(Assignment) Beginning with the line that holds "Rektor Universitas Muslim" and finishing with the line that holds "Custom-tailored pillow by", repeat the listing exactly, leaving every picture out.

(Provided data)

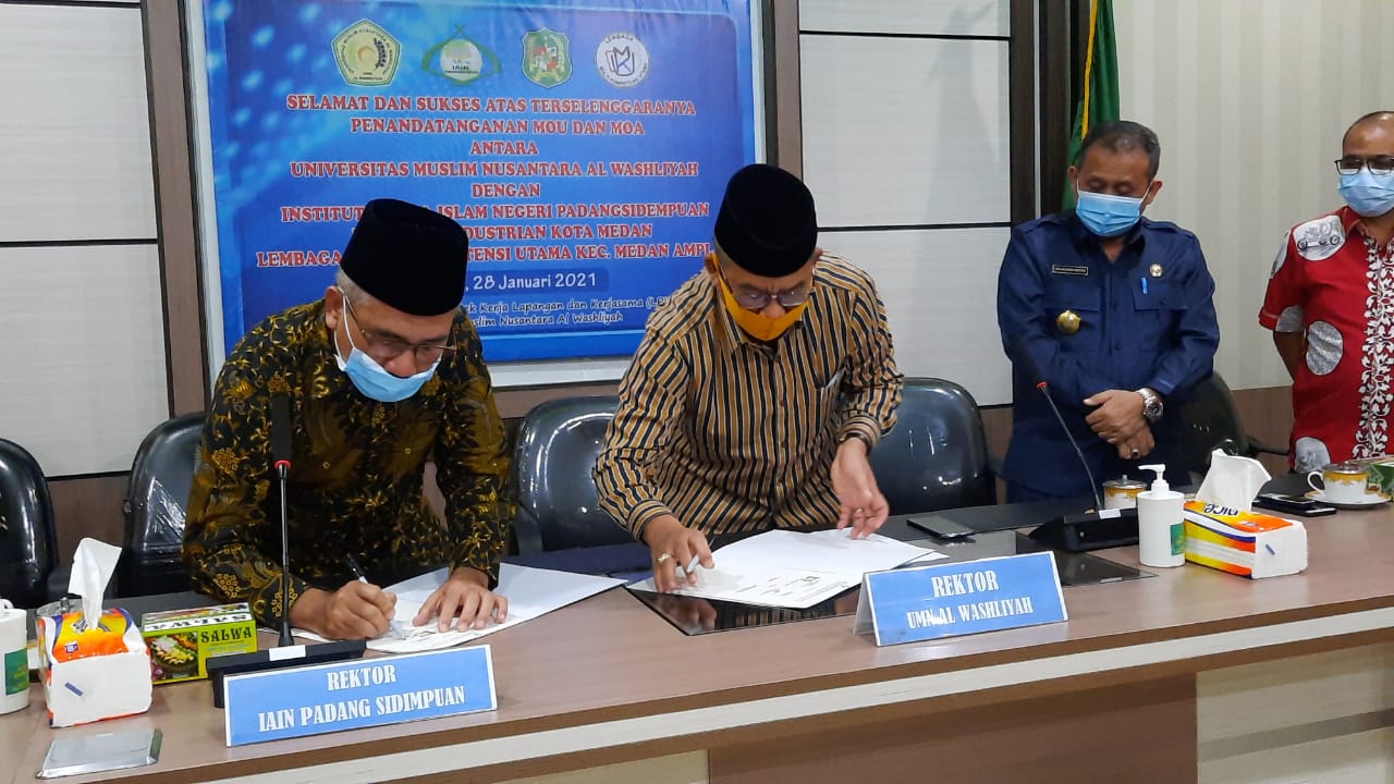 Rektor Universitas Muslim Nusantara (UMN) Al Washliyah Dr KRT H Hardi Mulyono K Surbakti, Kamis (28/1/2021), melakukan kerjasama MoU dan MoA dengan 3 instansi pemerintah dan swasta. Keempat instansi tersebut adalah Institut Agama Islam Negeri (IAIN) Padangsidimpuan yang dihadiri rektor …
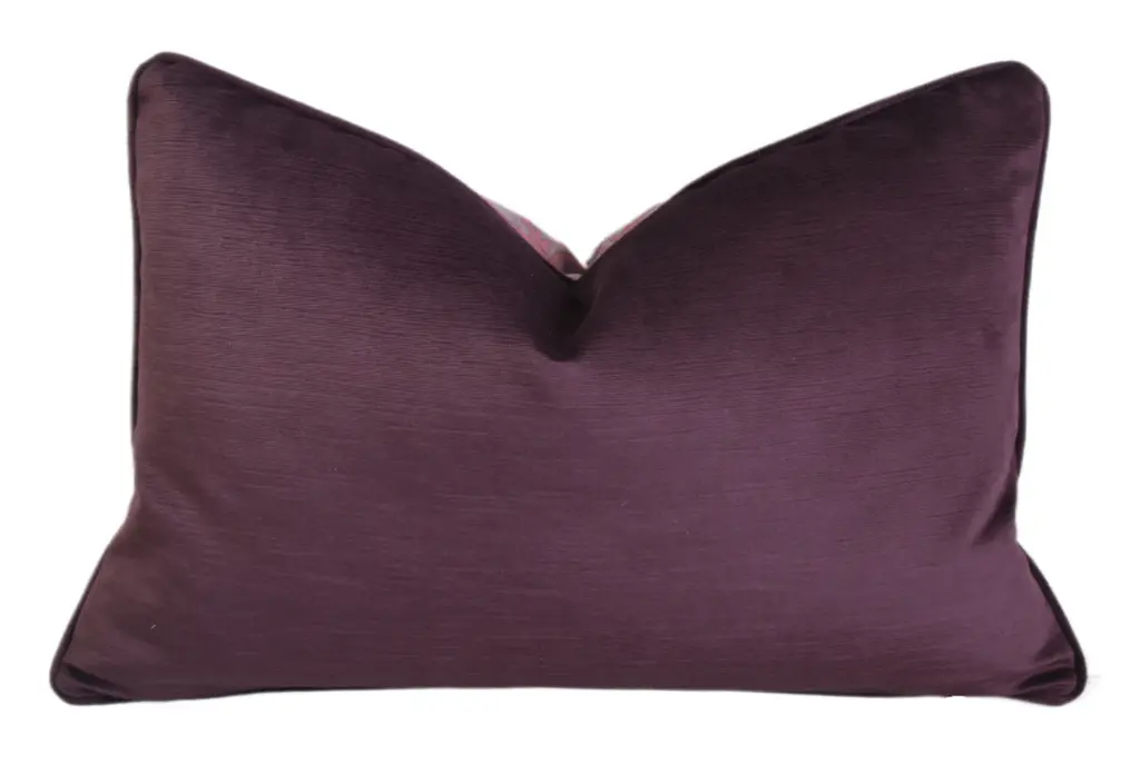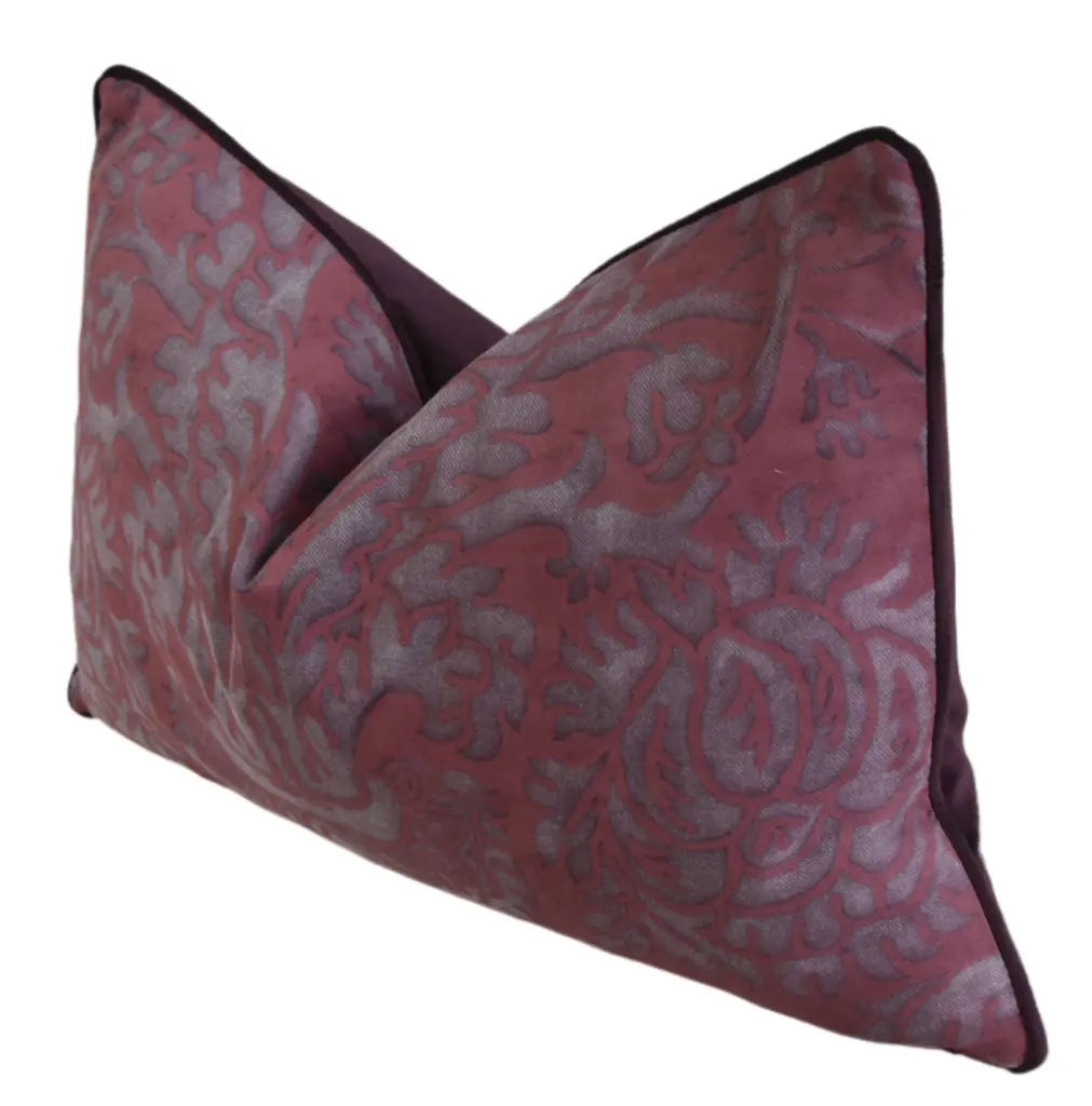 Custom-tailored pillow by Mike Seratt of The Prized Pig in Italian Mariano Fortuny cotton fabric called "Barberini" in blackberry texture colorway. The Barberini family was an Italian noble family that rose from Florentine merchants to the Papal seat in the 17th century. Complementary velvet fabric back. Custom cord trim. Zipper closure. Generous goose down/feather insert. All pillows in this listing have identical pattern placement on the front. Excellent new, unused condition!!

---

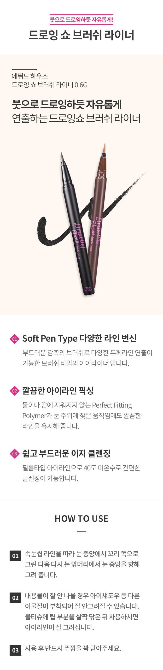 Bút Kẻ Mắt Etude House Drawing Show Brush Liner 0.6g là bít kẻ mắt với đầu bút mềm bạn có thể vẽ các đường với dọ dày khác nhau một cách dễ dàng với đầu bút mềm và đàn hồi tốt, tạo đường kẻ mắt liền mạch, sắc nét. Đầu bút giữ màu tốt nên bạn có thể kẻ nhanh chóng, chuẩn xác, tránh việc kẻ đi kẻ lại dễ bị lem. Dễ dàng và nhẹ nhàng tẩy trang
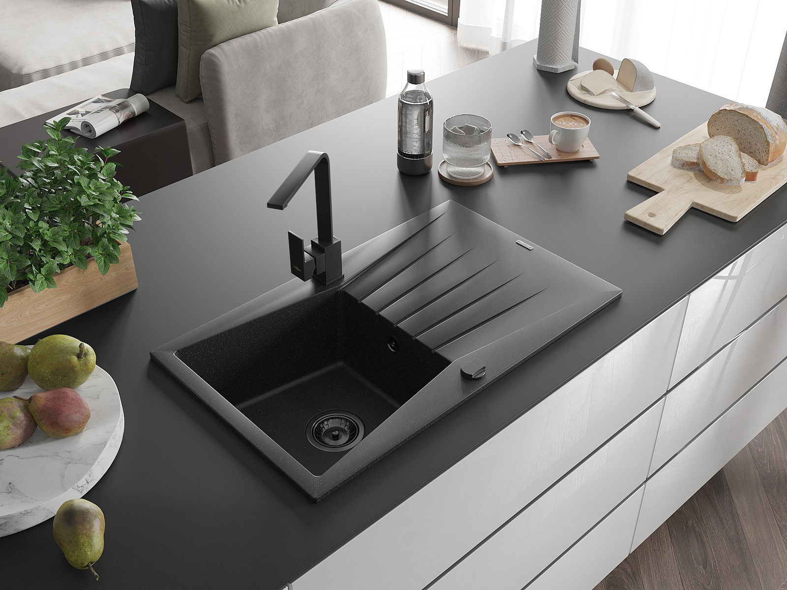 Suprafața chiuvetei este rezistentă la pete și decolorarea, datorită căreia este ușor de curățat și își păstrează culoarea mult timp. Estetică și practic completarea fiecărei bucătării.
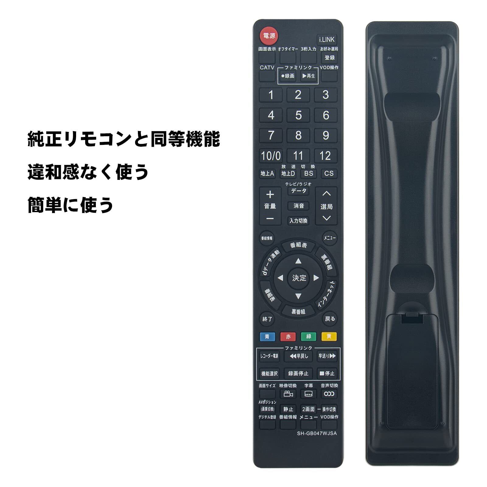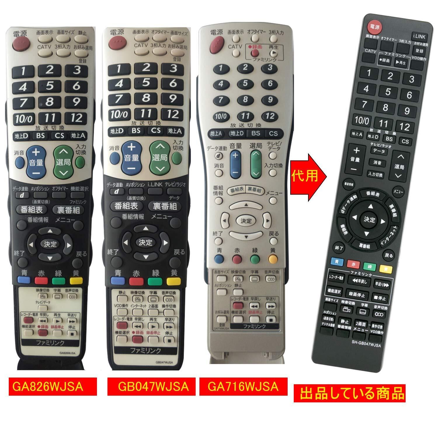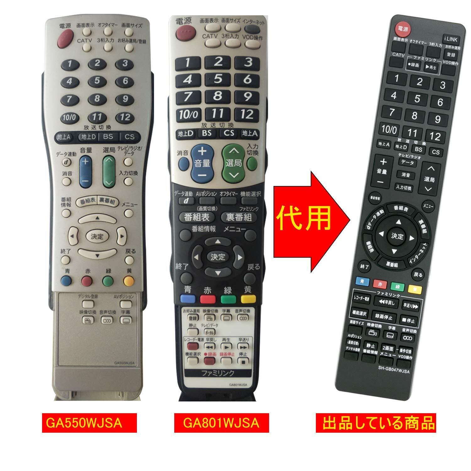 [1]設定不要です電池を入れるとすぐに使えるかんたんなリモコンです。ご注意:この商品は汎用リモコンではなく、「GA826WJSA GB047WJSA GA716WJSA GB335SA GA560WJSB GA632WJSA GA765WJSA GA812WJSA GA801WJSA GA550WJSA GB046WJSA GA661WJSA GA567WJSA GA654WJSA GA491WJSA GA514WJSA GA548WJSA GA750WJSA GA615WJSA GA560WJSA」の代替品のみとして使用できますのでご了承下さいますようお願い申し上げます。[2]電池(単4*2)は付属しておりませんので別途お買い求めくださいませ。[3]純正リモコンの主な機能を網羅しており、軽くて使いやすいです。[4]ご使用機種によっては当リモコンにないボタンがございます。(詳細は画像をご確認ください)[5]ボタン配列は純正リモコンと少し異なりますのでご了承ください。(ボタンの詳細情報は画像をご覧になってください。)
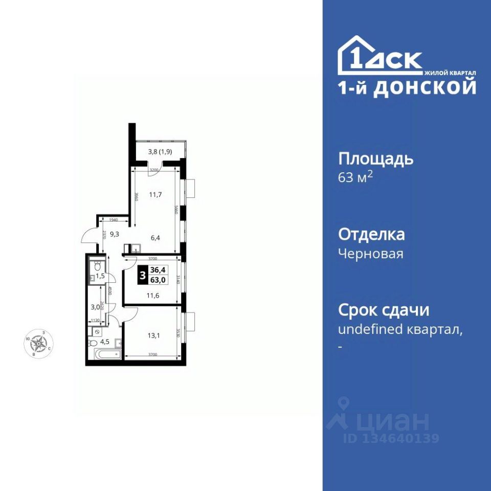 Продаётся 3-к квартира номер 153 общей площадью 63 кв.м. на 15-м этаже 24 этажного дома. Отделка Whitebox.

==

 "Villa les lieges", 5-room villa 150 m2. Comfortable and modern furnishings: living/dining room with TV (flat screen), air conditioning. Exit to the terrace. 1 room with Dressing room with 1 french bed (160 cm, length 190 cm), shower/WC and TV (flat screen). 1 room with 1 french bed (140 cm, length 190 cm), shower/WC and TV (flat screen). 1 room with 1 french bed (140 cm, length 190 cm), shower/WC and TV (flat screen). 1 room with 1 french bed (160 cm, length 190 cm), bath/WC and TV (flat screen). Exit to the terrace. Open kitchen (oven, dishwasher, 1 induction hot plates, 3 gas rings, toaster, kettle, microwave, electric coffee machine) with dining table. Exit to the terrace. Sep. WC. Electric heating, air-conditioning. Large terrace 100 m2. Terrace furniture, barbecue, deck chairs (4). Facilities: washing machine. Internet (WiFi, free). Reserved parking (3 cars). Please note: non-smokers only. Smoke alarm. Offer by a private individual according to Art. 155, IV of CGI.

(Answer to the problem)
 Rektor Universitas Muslim Nusantara (UMN) Al Washliyah Dr KRT H Hardi Mulyono K Surbakti, Kamis (28/1/2021), melakukan kerjasama MoU dan MoA dengan 3 instansi pemerintah dan swasta. Keempat instansi tersebut adalah Institut Agama Islam Negeri (IAIN) Padangsidimpuan yang dihadiri rektor …
 Custom-tailored pillow by Mike Seratt of The Prized Pig in Italian Mariano Fortuny cotton fabric called "Barberini" in blackberry texture colorway. The Barberini family was an Italian noble family that rose from Florentine merchants to the Papal seat in the 17th century. Complementary velvet fabric back. Custom cord trim. Zipper closure. Generous goose down/feather insert. All pillows in this listing have identical pattern placement on the front. Excellent new, unused condition!!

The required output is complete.